Unperturbed junta leaders of Sahel states forge alliance, rebuff ECOWAS

Leaders of the Sahel states of Niger, Mali, and Burkina Faso met for the first time on the 6th of July 2024 to cement their alliance, the Alliance of Sahel States, known by its French acronym AES. The AES members have irrevocably cut ties with the regional body, the Economic Community of West African States (ECOWAS) which they see as an existential threat. They have also pivoted towards Russia after drastically cutting ties with the colonial power, France.

First announced in September 2023, the Alliance of Sahel States is a pact made up of Mali, Burkina Faso and Niger – all led by military juntas. The pact enables the members to cooperate in the event of armed rebellion or external aggression.

What brings the three countries closer together is political convenience and strategic security interests. All three are led by military juntas who seized control in a series of coup d’états between 2020 and 2023 and severed military and diplomatic ties with regional allies and Western powers. They all face grave security threat from Islamist militants, and they are all former French colonies and France’s post-colonial engagement in the region has, for years, been a source of controversy with the former colonial power being accused of meddling in internal politics to the detriment of locals.

The three countries withdrew from ECOWAS in January 2023 due to the regional bloc’s tough stance against the coups and its insistence on the immediate restoration of civilian rule in those countries. Faced by ECOWAS imposed sanctions, the three coup-hit states opted to form an alliance and irrevocably cut ties with the organisation. Although ECOWAS has lifted sanctions on Niger, no progress has been made.

Progressives in the Sahel region and Africa at large must be concerned, especially when the lens focus on the priorities of AES. No one believes ECOWAS is a beacon of progress in West Africa, but everyone must understand that legitimising military coups takes the region and continent a century or two back.

AES leaders met for the first time in Niger’s capital, Niamey, on Saturday 6 July to cement their alliance, the Alliance of Sahel States. Top of the agenda is to increase military cooperation to strengthen security within member states. They will also be looking at strengthening economic ties with long-term plans to create their own currency as they focus on rejecting Western imperialists. It is also their goal to create a foreign influence-free alliance to bring true independence for their citizens, and they stress the need to create systems that express African culture.

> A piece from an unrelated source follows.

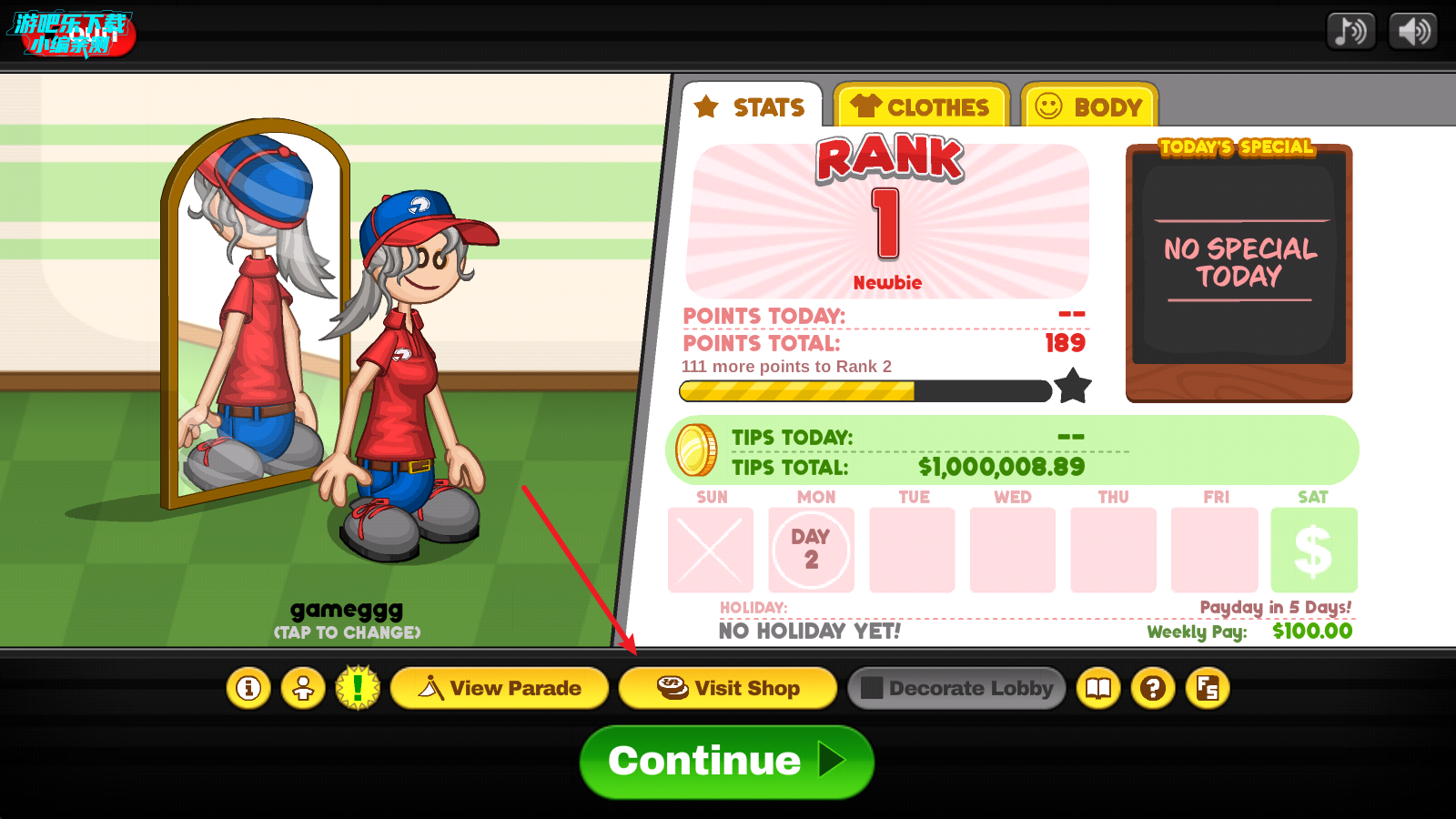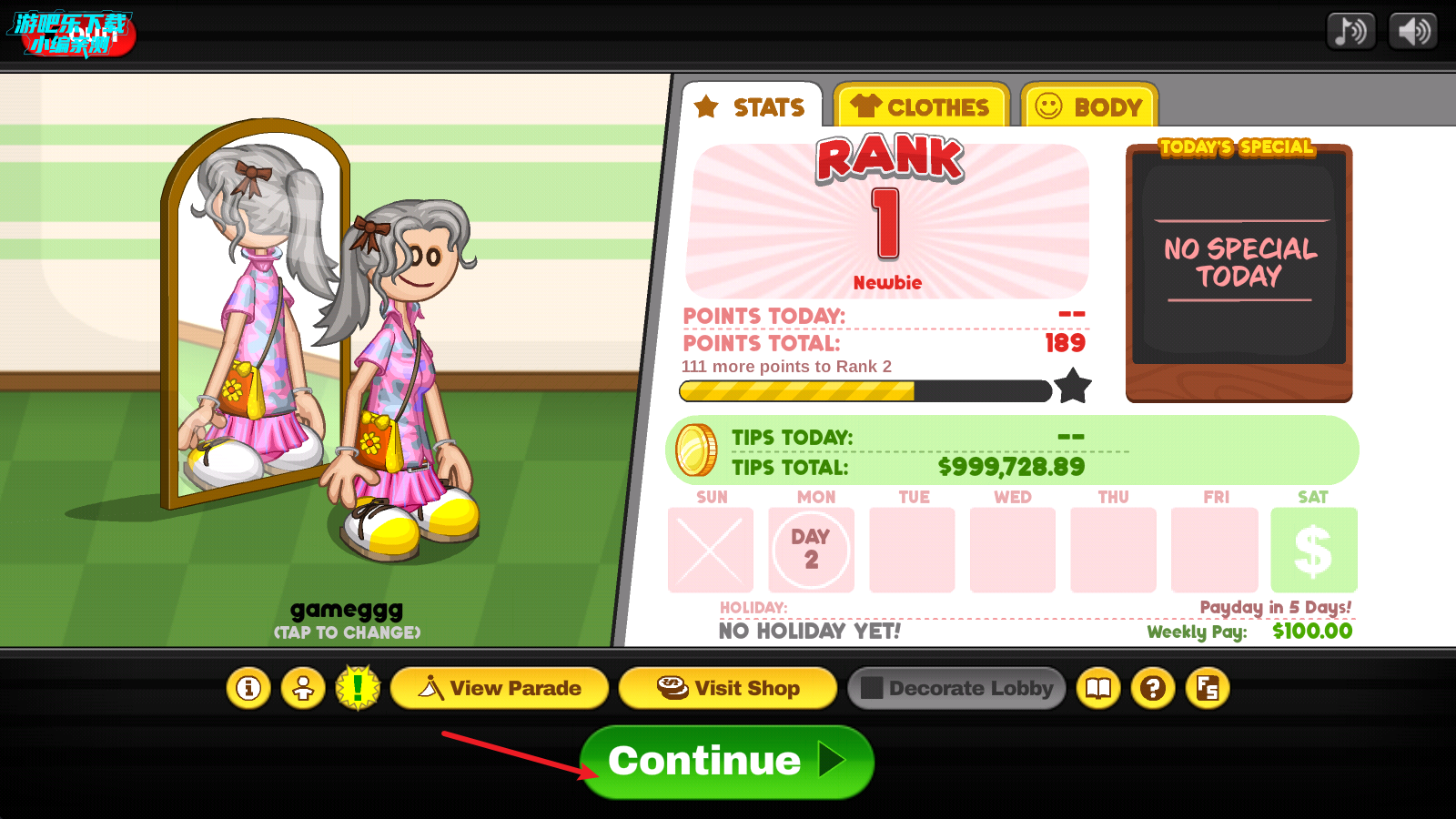 5、打扮好之后点击下方的CONTINUE即可继续游戏。

Significantly, after intentionally turning their backs on the West, France, all three countries have demanded the withdrawal of French and other Western soldiers who were there as part of an anti-jihadist mission; they have instead now turned towards Russia for military assistance. And the Wagner Mercenaries who were already operating in the region have now taken control, replacing the French and US military.

Replacing French and US military personnel with Russians while claiming to be creating a foreign influence-free zone is of itself controversial, to say the least. And to believe Russia does not harbour imperial tendencies is rather delusional, ill-informed, and dangerous. Wagner mercenaries are not teaching AES to be self-reliant but charging the alliance to be dependent.

How the juntas’ Russian posturing presumably empowers the public and improves the security situation of the three countries is anybody’s guess. Foreign ‘solutions’ are the antithesis of local empowerment. The only sure way of improving security in the Sahel region is empowering local populations to plan and build their lives; it is giving the ordinary man and woman real control of political levers.

What is obvious is that the three leaders are not in a rush to relinquish and transfer power to a civilian government. In their recent summit, there was no mention of a timetable to return to civilian rule or a commitment to a transition to elected civilian authority to which the military will be subordinate.

AES needs to be realistic with its potential or risk turning into a little more than an expensive isolation from reality. Self-isolation as a long-term strategy will neither improve security nor empower the AES member states; the allies cannot realistically fund and maintain sufficient levels of security in total isolation, some level of cooperation with their ECOWAS neighbours would be required for intelligence sharing and to close possible gaps that can be exploited by the many armed groups operating in the region.

There are already signs of security inadequacies within the AES; according to the Armed Conflict Location and Event Data Project (ACLED), which tracks violence in the region, at least 8,000 people were killed in Burkina Faso in 2023, and gains against armed groups largely backslid in Niger.

If on one hand you want to reduce foreign influence, empower and project local solutions while on the other you invite and affirm a different set of foreigners and leave gates wide open to foreign solutions, you are not being honest to yourself and your local audience.